By: Bill Tholl, President & CEO, HealthCareCAN*
Much progress has been made to destigmatize mental health across Canada since the release of the Senate Committee report “Out of the Shadows at Last” in May 2006.i
Before the Senate report, there was the remarkable coming together of the Canadian Alliance for Mental Illness and Mental Health (CAMIMH). Created in the early 1990s, it has certainly helped rally disparate efforts to shine a light on mental health stigma; assisted the Senate Committee in its important work; and continues to advocate effectively for the cause of mental health.
Corporate Canada has also stepped up to the plate. Bell Canada and the tireless efforts of Clara Hughes and others have combined forces to make “Let’s Talk” the talk of the town. Out of tragedy we now see a focus on having candid conversations about teenage suicide with the Ottawa-based- “DIFD”campaign.

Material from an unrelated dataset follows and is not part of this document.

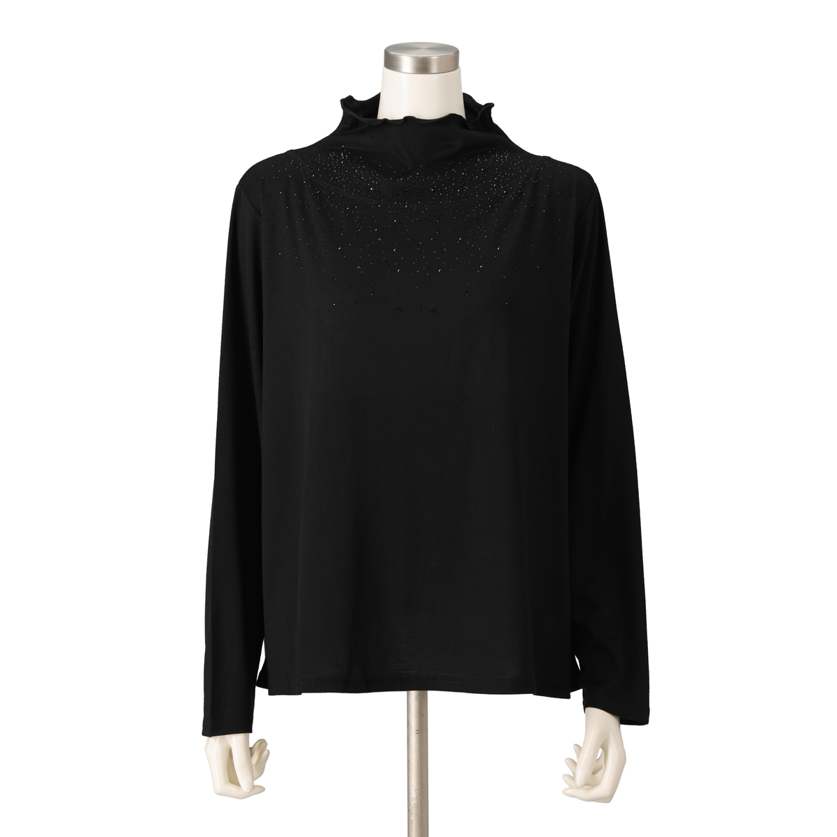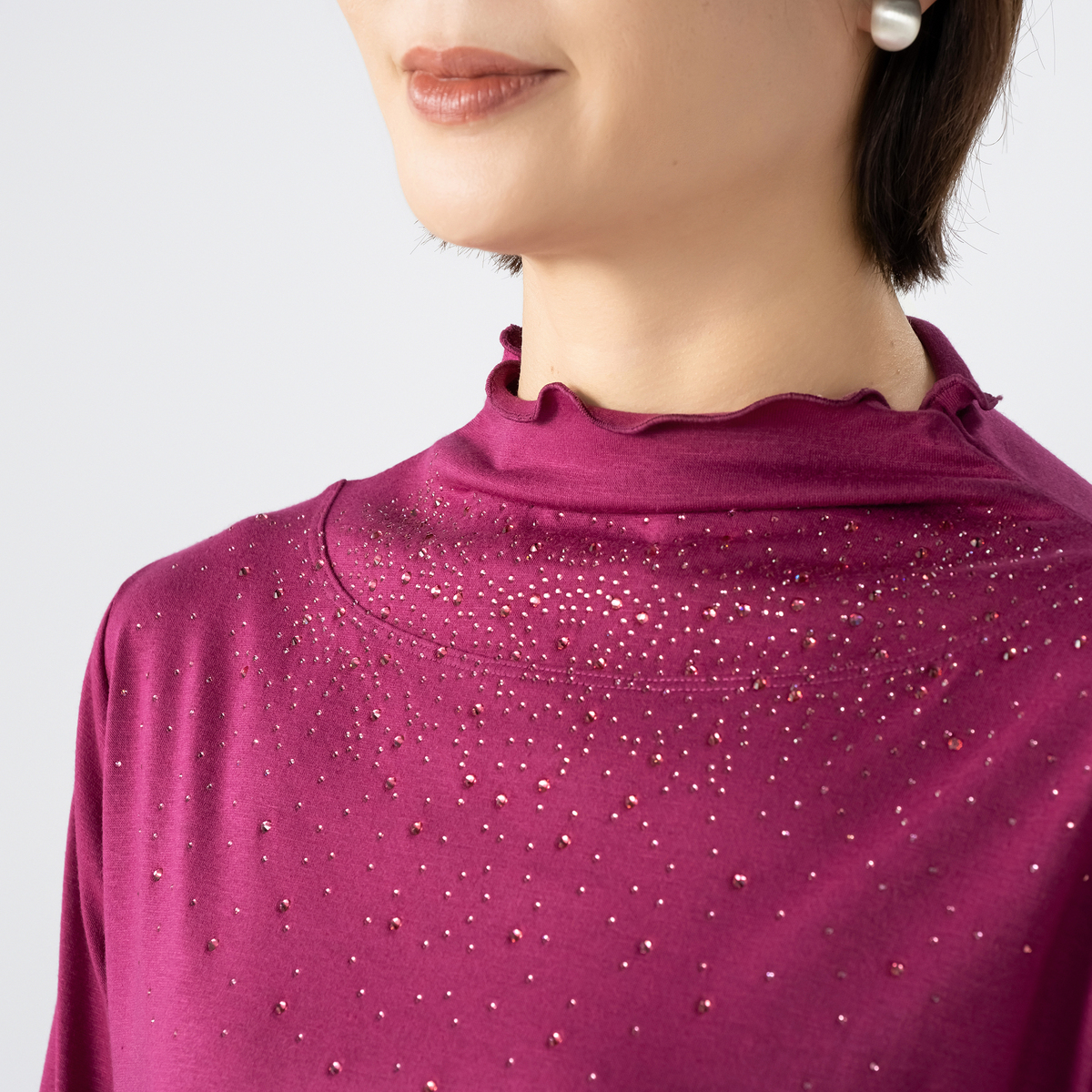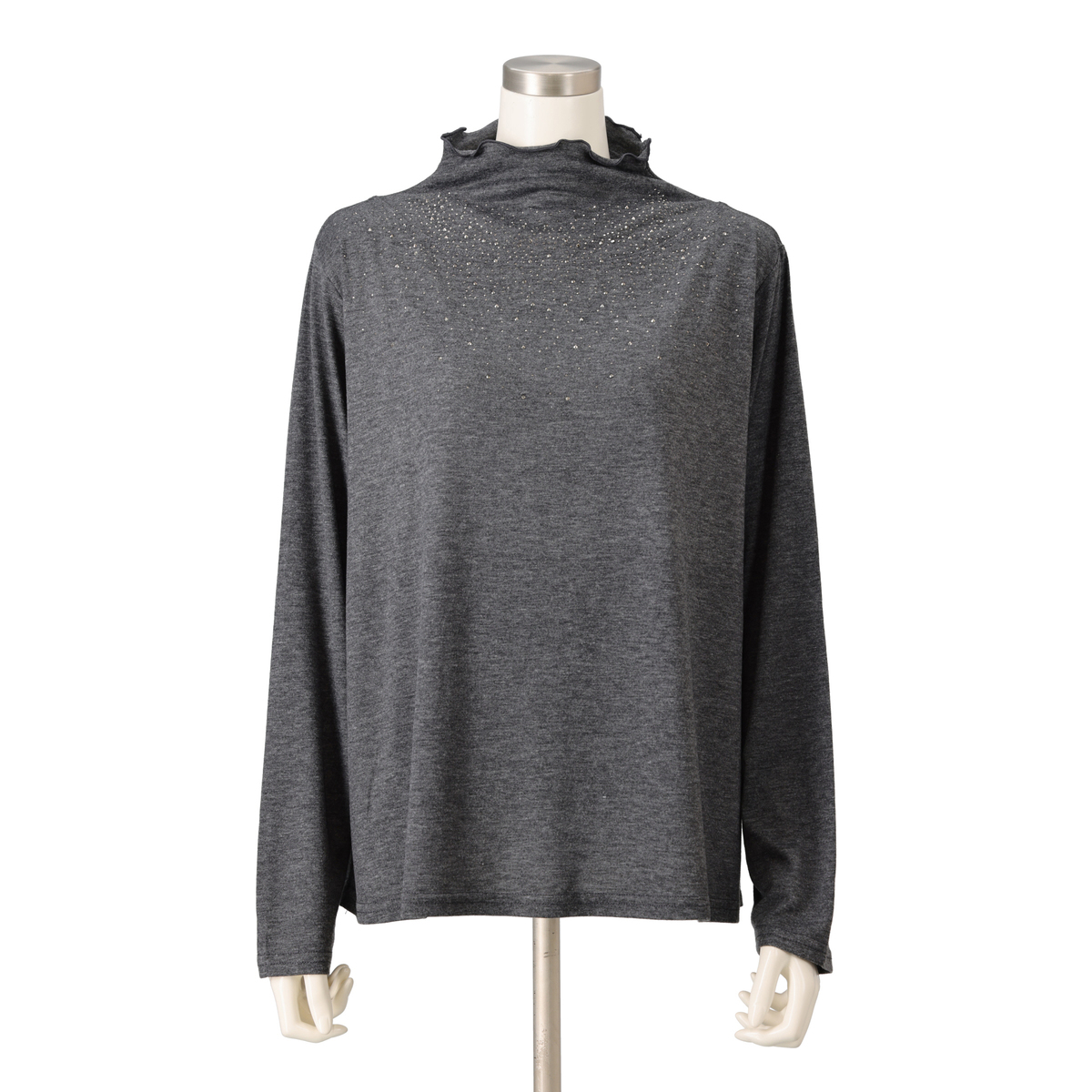 繊細なビジューを散りばめたプルオーバー。ラウンドにビジューを施した優しいラインで、ビジューの色も身頃と同系色のものをつけ、派手すぎず上品なイメージに仕上げました。ハイネックの端はメロウ始末で、お顔周りをフェミニンに彩ります

Other signs of significant progress include: the “I’m just not myself today” program by Partners for Mental Health and the rolling out of the Mental Health Commission of Canada’s (MHCC) standards for psychological health in the workplace. Partnerships are key, including the collaborative work of the MHCC and HealthcareCAN, the national voice of healthcare institutions across the country.
Finally, and perhaps most significantly for the future, we have a comprehensive National Mental Health Strategy through the MHCC, whose mandate was just extended for another 10 years in the April 21, 2015 federal budget.
This is all great news. But there remains an embarrassing, longstanding legislative lapse. It goes back to a time when mental health was still very much in the shadows and at the bottom of the list of priorities of legislators. Many are surprised to learn, for example, that the Canada Health Act – CHA (1984) excludes freestanding mental health facilities under the definition of insured hospital services.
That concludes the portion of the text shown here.